Dio Kavalieratos, PhD, is a Post-Doctoral Fellow in the University of Pittsburgh RAND Scholars Program. In 2012, he earned his PhD in Health Policy from the University of North Carolina at Chapel Hill with a concentration in quality and access to care. He continues to serve his alma mater as an Adjunct Assistant Professor of Health Policy and Management. In August 2014, he will join the University of Pittsburgh's Division of General Internal Medicine as an Assistant Professor of Medicine within the Section of Palliative Care and Medical Ethics. In addition, Dr. Kavalieratos will be among the first group of trainees matriculating into the ICRE's new Patient-Centered Outcomes Research (PCOR) Program. He hopes that this program will allow him to understand how to meaningfully conduct patient-centered research and how to engage stakeholders to improve the relevance of his work.

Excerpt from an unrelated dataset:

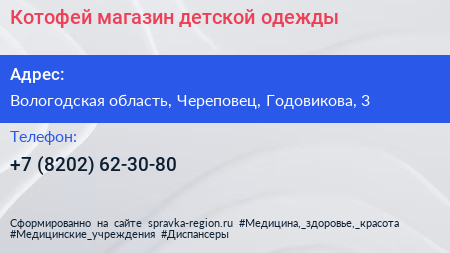 Котофей, магазин детской одежды по адресу Вологодская область, Череповец, Годовикова, 3 в дальнейшем Организация, размещена в следующих категориях:

His work seeks to engage the patient voice to identify sources of distress and improve palliative care access and quality for patients with serious illnesses. He currently serves as co-principal investigator on a grant from the Magee-Womens Cancer Research and Education Fund that focuses on patient preferences for palliative care in women with gynecological cancers. Dr. Kavalieratos supports this project in a methodological capacity, providing expertise in qualitative study design and analysis. For his research related to the PCOR K12 program, Dr. Kavalieratos will marry his interests in palliative care, clinical information technology, and patient-centered outcomes. He will attempt to use patient-reported outcomes to trigger clinical decision support aimed at improving symptom identification and management in advanced heart failure. Dr. Kavalieratos would like the contributions of his research to aid in reducing the suffering that people with serious illnesses face. He hopes to achieve this by further understanding the unmet needs of patients and helping to maximize the potential impact that the health care system has on improving quality of life
Though early in his career, Dr. Kavalieratos' work has been recognized with various honors. He was awarded the 2013 Young Investigator Award from the American Academy of Hospice and Palliative Medicine, an international award that he was very humbled to receive. Dr. Kavalieratos acknowledges that this award made him feel that he is a part of a community that has sought him out and continues to invest in and support him. He believes the award shows that this organization believes in him and the value of his work. Additionally, he won the 2014 ICRE Award for Outstanding Grant Proposal, entitled "Developing Patient Centered Palliative Care to Improve Heart Failure Patient Quality of Life," which was subsequently awarded a Junior Faculty Career Development Award by the National Palliative Care Research Center. The goal of this project is to identify a patient-centered approach to increase the utilization of palliative care that is directly informed by the needs and preferences of patients with heart failure, caregivers, and providers. He credits the RAND program with allowing him to develop and fine tune his grant writing skills while also being appreciative of the remarkable hands-on support Drs. Lauren Broyles and Kevin Kraemer delivered in the development of this grant. Dr. Kavalieratos feels this award is especially important because of its limited number of recipients, as well as the rare opportunity of having a fully qualitative study funded.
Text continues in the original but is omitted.